You might not like the answer to that question.
Creating characters isn’t the same as designing a plot, describing a setting or developing a theme. You can come up with all that in your head, use your brain and never engage your emotions. Actually, you can do that with characters, too, and if you’re clever enough, your reader might even be interested in what happens to them. But if you want Loyal Reader to care what happens to them, to climb into the book and live the experiences with them, to view them as family, to miss them when the story’s done and to carry them in his heart for the rest of his life, you have to engage his emotions, not his intellect. There is only ONE way to do that. You have to pull your characters up out of your own soul—from one of three places:
YOUR PAST:
Who were you? No, not the you everybody knew—the you nobody knew. The you on the other side of whatever mask you wore. What happened to you, hurt you, embarrassed you, shocked you, humiliated you? What awful, unforgivable mistakes did you make? Who did you hurt? What bridges did you burn?
What are your memories? Examine them. No, not the prettified daydreams, water color paintings that cover up the ugly you’d rather forget. I’m not talking about skating on the glossy surface of remembrance. I’m talking about climbing through the water color into the ugly, to see it, smell it and feel it.
Were you sexually abused?
Bullied?
Hated for your skin color or ethnicity?
Or were you ignored, dismissed, a shadow in your family’s life that nobody ever really looked at.
Were you pampered and spoiled and totally unprepared for a world that didn’t give a rip whether you lived or died?
Were you the fat kid everybody made fun of? The un-athletic kid who always sat on the bench? The ugly girl nobody asked to the prom?

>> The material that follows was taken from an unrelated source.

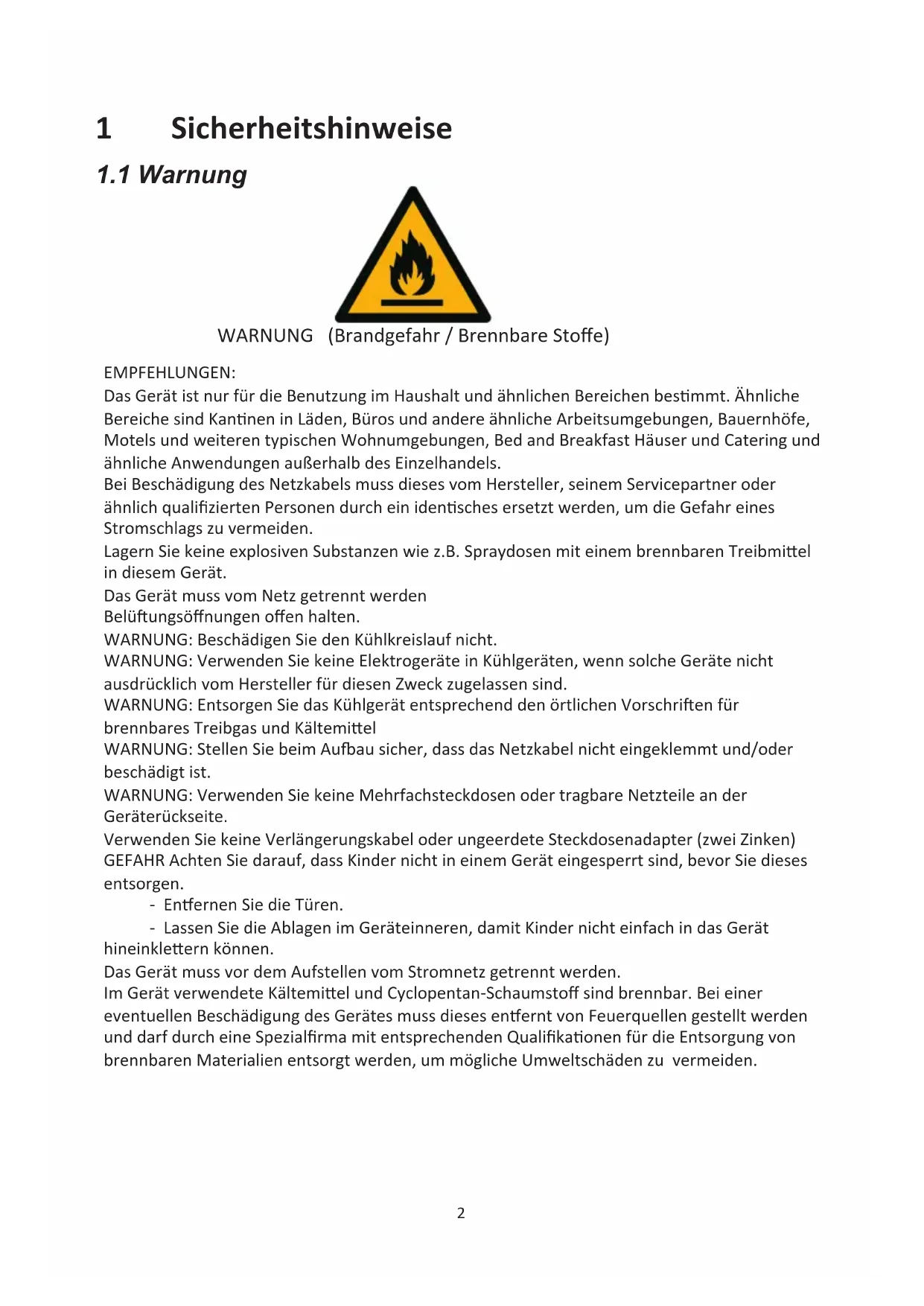 Das Gerät ist nur für die Benutzung im Haushalt und ähnlichen Bereichen besmmt. Ähnliche Bereiche sind Kannen in Läden, Büros und andere ähnliche Arbeitsumgebungen, Bauernhöfe, Motels und weiteren typischen Wohnumgebungen, Bed and Breakfast Häuser und Catering und ähnliche Anwendungen außerhalb des Einzelhandels. Bei Beschädigung des Netzkabels muss dieses vom Hersteller, seinem Servicepartner oder ähnlich qualifizierten Personen durch ein idensches ersetzt werden, um die Gefahr eines Stromschlags zu vermeiden. Lagern Sie keine explosiven Substanzen wie z.B. Spraydosen mit einem brennbaren Treibmiel in diesem Gerät. Das Gerät muss vom Netz getrennt werden Belüungsöffnungen offen halten. WARNUNG: Beschädigen Sie den Kühlkreislauf nicht. WARNUNG: Verwenden Sie keine Elektrogeräte in Kühlgeräten, wenn solche Geräte nicht ausdrücklich vom Hersteller für diesen Zweck zugelassen sind. WARNUNG: Entsorgen Sie das Kühlgerät entsprechend den örtlichen Vorschrien für brennbares Treibgas und Kältemiel WARNUNG: Stellen Sie beim Auau sicher, dass das Netzkabel nicht eingeklemmt und/oder beschädigt ist. WARNUNG: Verwenden Sie keine Mehrfachsteckdosen oder tragbare Netzteile an der Geräterückseite. Verwenden Sie keine Verlängerungskabel oder ungeerdete Steckdosenadapter (zwei Zinken) GEFAHR Achten Sie darauf, dass Kinder nicht in einem Gerät eingesperrt sind, bevor Sie dieses entsorgen. - Enernen Sie die Türen. - Lassen Sie die Ablagen im Geräteinneren, damit Kinder nicht einfach in das Gerät hineinkleern können. Das Gerät muss vor dem Aufstellen vom Stromnetz getrennt werden. Im Gerät verwendete Kältemiel und Cyclopentan-Schaumstoff sind brennbar. Bei einer eventuellen Beschädigung des Gerätes muss dieses enernt von Feuerquellen gestellt werden und darf durch eine Spezialfirma mit entsprechenden Qualifikaonen für die Entsorgung von brennbaren Materialien entsorgt werden, um mögliche Umweltschäden zu vermeiden.3 EN Standard: Dieses Gerät darf von Kindern ab 8 Jahren und durch Personen mit eingeschränkten physischen, sensorischen oder geisgen Fähigkeiten nur benutzt werden, wenn sie durch eine für ihre Sicherheit zuständige Person beaufsichgt oder von ihr Anweisungen, wie das Gerät zu benutzen ist, erhalten haben. Kinder dürfen nicht mit dem Gerät spielen. Die Reinigung und Wartung durch den Benutzer darf von Kindern ohne Aufsicht nicht durchgeführt werden. IEC Standard: Dieses Gerät darf durch Personen mit eingeschränkten physischen, sensorischen oder geisgen Fähigkeiten (einschließlich Kindern) nur benutzt werden, wenn sie durch eine für ihre Sicherheit zuständige Person beaufsichgt werden oder von ihr Anweisungen, wie das Gerät zu benutzen ist, erhalten haben. Kinder müssen beaufsichgt werden, damit sie nicht mit dem Gerät spielen.Dieses Benutzerhandbuch enthält viele Sicherheitsinformationen, die vom Benutzer beachtets werden müssen. Ziehen Sie den Stecker nie am Kabel aus der Steckdose. Bitte umfassen Sie den Stecker fest und ziehen Sie diesen direkt aus der Steckdose. Beschädigen Sie das Kabel nicht und benutzen Sie kein beschädigtes oder kaputtes Kabel. Benutzen Sie für den Anschluss des Kühlsgeräts nur eine ordnungsgemäß geerdete Steckdose. Stellen Sie keine anderen Elektrogeräte auf das Kühlgerät, außer, wenn solche Geräte ausdrücklich vom Hersteller für diesen Zweck zugelassen sind. Bitte schalten Sie das Ventil des austretenden Gases aus und öffnen Sie dann die Türen und Fenster, falls Gas und andere brennbare Gase austreten. Ziehen Sie den Stecker des Kühlschranks und anderer elektrischer Geräte nicht heraus, da ein Funke einen Brand verursachen kann. Schließen Sie das Gerät nur mit einer eigenen Steckdose an. Mehrfachsteckdosen, die den Anschluss auf mehrere Geräte aufteilen sind nicht gestattet. Zur Vermeidung von Brandgefahr muss der Stecker fest in der Steckdose sitzen.

You have to plumb the guts of who you used to be and rediscover what all those experiences felt like. It may take some digging. You likely buried them deep. But they are treasure, your treasure, and you must reclaim them.
What frightened you, scared you so bad you almost wet your pants—maybe did wet your pants? What ate a hole of terror all the way through your belly to your backbone? No one knows fear the way a child does, the helpless, vulnerable way a child does.
Own all the visceral emotions of your past and USE them.
YOUR PRESENT
Are you who you thought you’d be when you were sixteen? What dreams did time dash on the rocky coastline of reality? What promise still lies unfulfilled?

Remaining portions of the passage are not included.